EXERCISE AIM: Under this line are records; the part from the line containing "Son olarak üzerine" through the line containing "בדרך חזרה לכיוון" should be repeated exactly. Please exclude pictures.

INPUT:
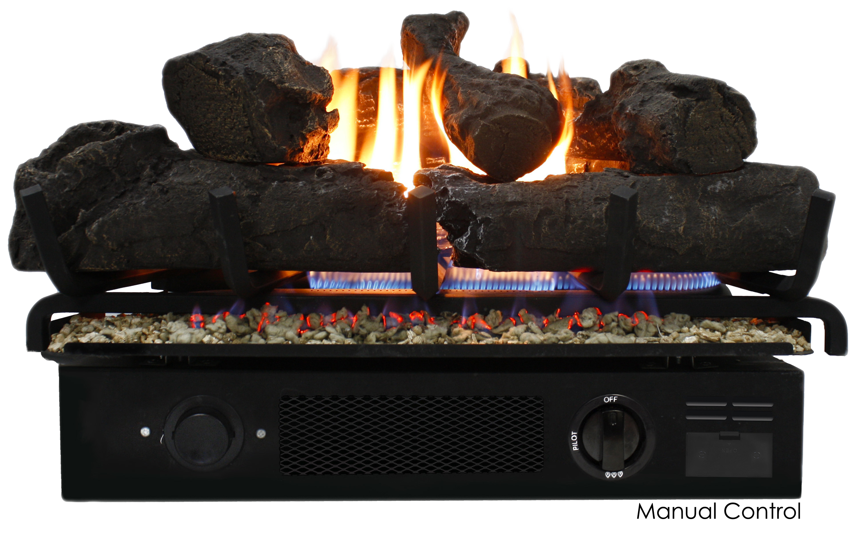 Transform your existing wood-burning fireplace in to a real flame gas-fueled fireplace and never worry about hauling wood, messy ashes or soot again. This heater comes with the most realistic natural fire and highly detailed logs that glow like real wood. Comes with seven ceramic logs, adding a realistic appearance to the high end appeal of the heater. The 24″ Vent Free 40,000 BTU Gas Log heater is perfect for rooms of 1,150 square feet or more. This vent free unit requires no electricity, making it a great alternate heat source during power failures, while being energy efficient at all times. The dual fuel version of this heater allows the professional installer to set up the unit for either propane or natural gas, with no manual switching required. Available in single fuel in some markets.
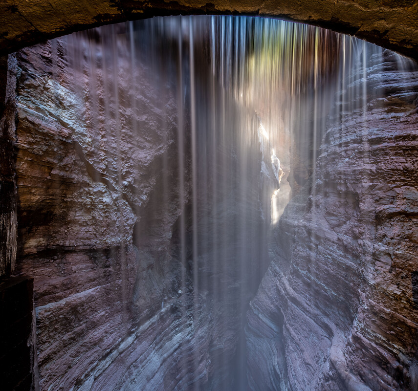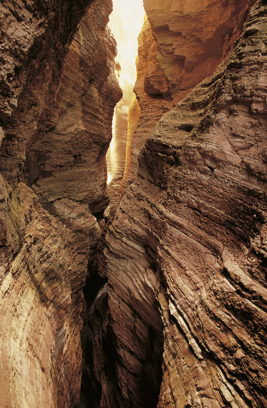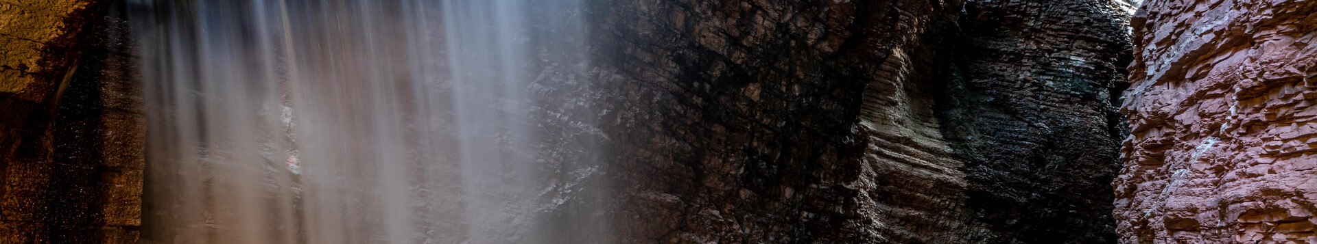 L’orrido è una gola profonda: pareti alte, distanza tra i lati che in alcuni tratti si restringe, andamento sinuoso. La roccia affiora con tonalità calde, dal rosato al mattone, segnate da strati e piccole fratture. Tra gli anfratti crescono felci e muschi, che beneficiano dell’umidità costante. Dalle passerelle osservi come l’acqua ha scavato i livelli più teneri, lasciando sporgenze e nicchie. Quando il sole entra in gola, gli spruzzi formano velature che cambiano il colore della parete. Se ami la fotografia, qui trovi inquadrature ravvicinate: dettagli di roccia, venature, gocce in sospensione. È un invito a guardare lento, senza fretta.
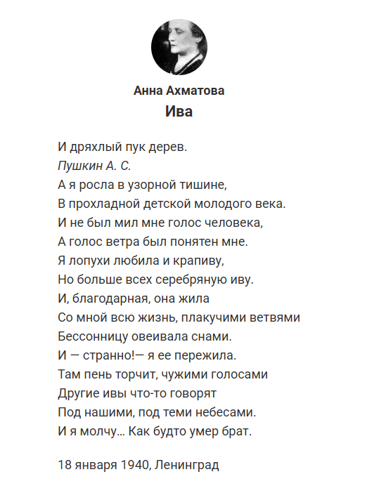 Разберём на примере ивы. Ива — растение лирическое. Она вдохновляет на разные образы, присутствует в стихотворениях, прозе, песнях, устойчивых выражениях. Это узнаваемый поэтический образ в русской культуре. Взрослый образованный человек чаще всего найдёт ту или иную ассоциацию с этим деревом.
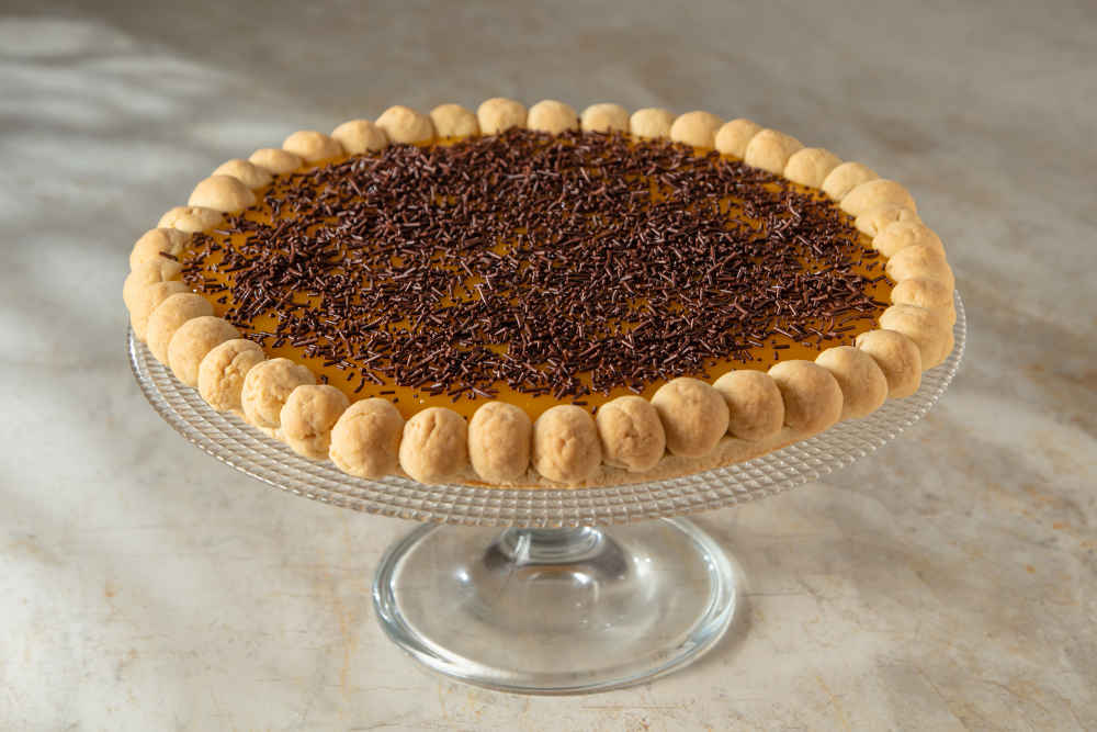 Son olarak üzerine kakaolu pasta süslerini gezdirin ve dilimleyerek servis edin.
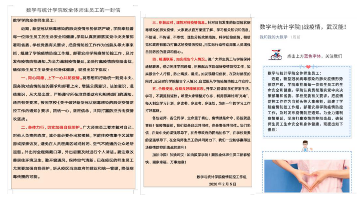 一、深化思想认识,强化工作部署。在学院党总支的带领下,迅速成立学院疫情防控工作组,在线上召开会议进行工作分工安排。要求全体党员和管理人员提高政治站位,将思想统一到学校党委决策部署上来,坚决贯彻落实好疫情防控工作。全体党员在疫情防控期间,思想认识深刻,主动担当作为,扎实做好重点任务,贴心服务师生。为确保工作落地落实做细,学院疫情防控工作组利用学院微信公众号“我和我的大数学”发出《致beat365英国官方网站全体师生员工的一封信》,在共防疫请、自我防护、不信谣不传谣等多方面,做好师生教育管理等工作的筹划与组织。
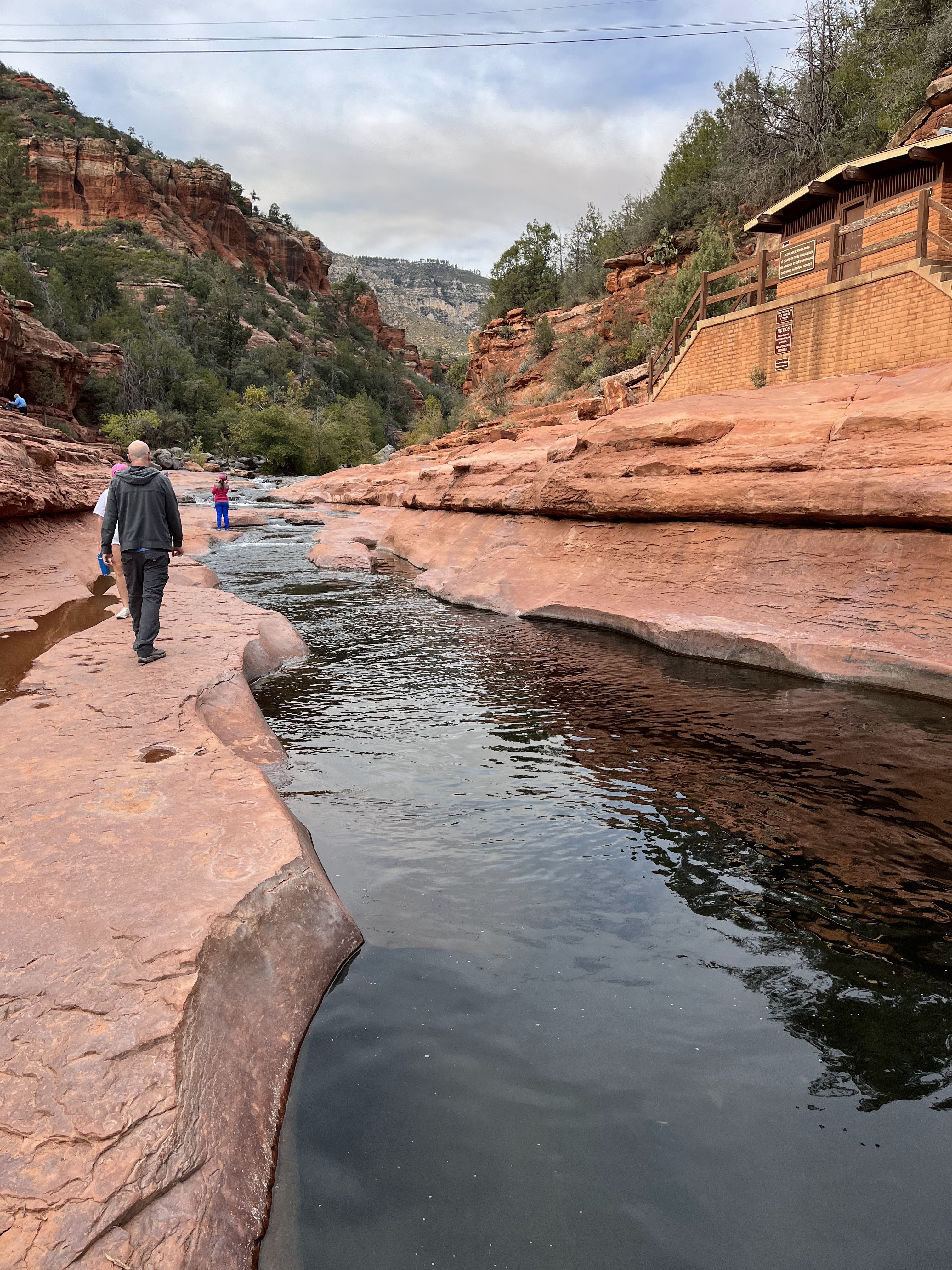בדרך חזרה לכיוון סדונה ערכנו עצירה לביקור קצר בSlide Rock State Park המפורסם. בקיץ האתר משמש לשחיה וגלישה במגלשות סלע טבעיות, וכשמזג האויר חורפי והמים קפואים, סתם יפה לראות אותו ולהתרשם.
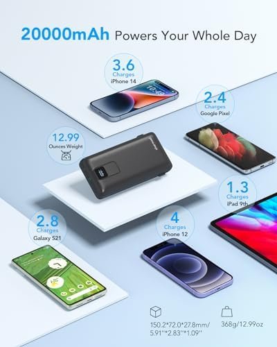 20000mAh Capacity: 20000mAh battery capacity provides 3.75 charges for iPhone 14 Pro Max, 3.87 charges for iPhone 13, 4.26 charges for iPhone 12, 1.55 Charges for iPad 10th generation, 2.4 charges for your Samsung Galaxy s22 ultra, 4.33 charges for your Google Pixel, One Plus 11 2.4 charges.
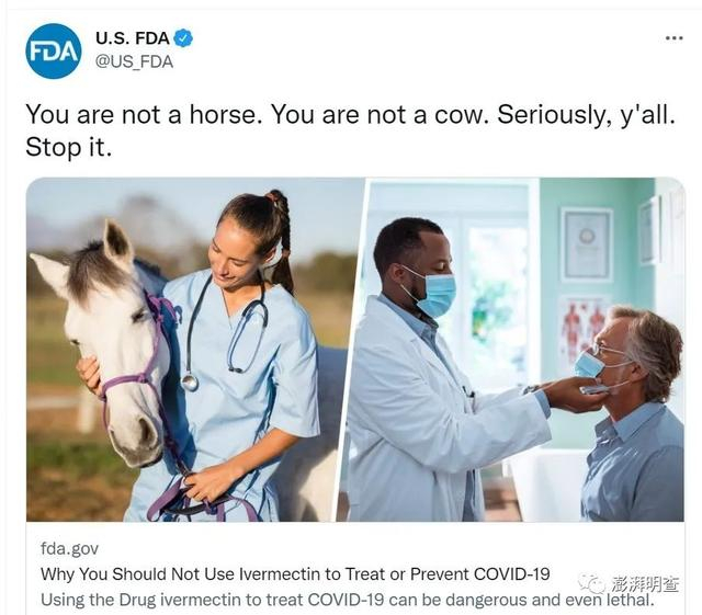 美国食品药品监督管理局(FDA)在其社交媒体推特账号上发文称,“你不是马,也不是牛”,以此劝说民众不要用伊维菌素治疗新冠。

YOUR SOLUTION:
 Son olarak üzerine kakaolu pasta süslerini gezdirin ve dilimleyerek servis edin.
 一、深化思想认识,强化工作部署。在学院党总支的带领下,迅速成立学院疫情防控工作组,在线上召开会议进行工作分工安排。要求全体党员和管理人员提高政治站位,将思想统一到学校党委决策部署上来,坚决贯彻落实好疫情防控工作。全体党员在疫情防控期间,思想认识深刻,主动担当作为,扎实做好重点任务,贴心服务师生。为确保工作落地落实做细,学院疫情防控工作组利用学院微信公众号“我和我的大数学”发出《致beat365英国官方网站全体师生员工的一封信》,在共防疫请、自我防护、不信谣不传谣等多方面,做好师生教育管理等工作的筹划与组织。
בדרך חזרה לכיוון סדונה ערכנו עצירה לביקור קצר בSlide Rock State Park המפורסם. בקיץ האתר משמש לשחיה וגלישה במגלשות סלע טבעיות, וכשמזג האויר חורפי והמים קפואים, סתם יפה לראות אותו ולהתרשם.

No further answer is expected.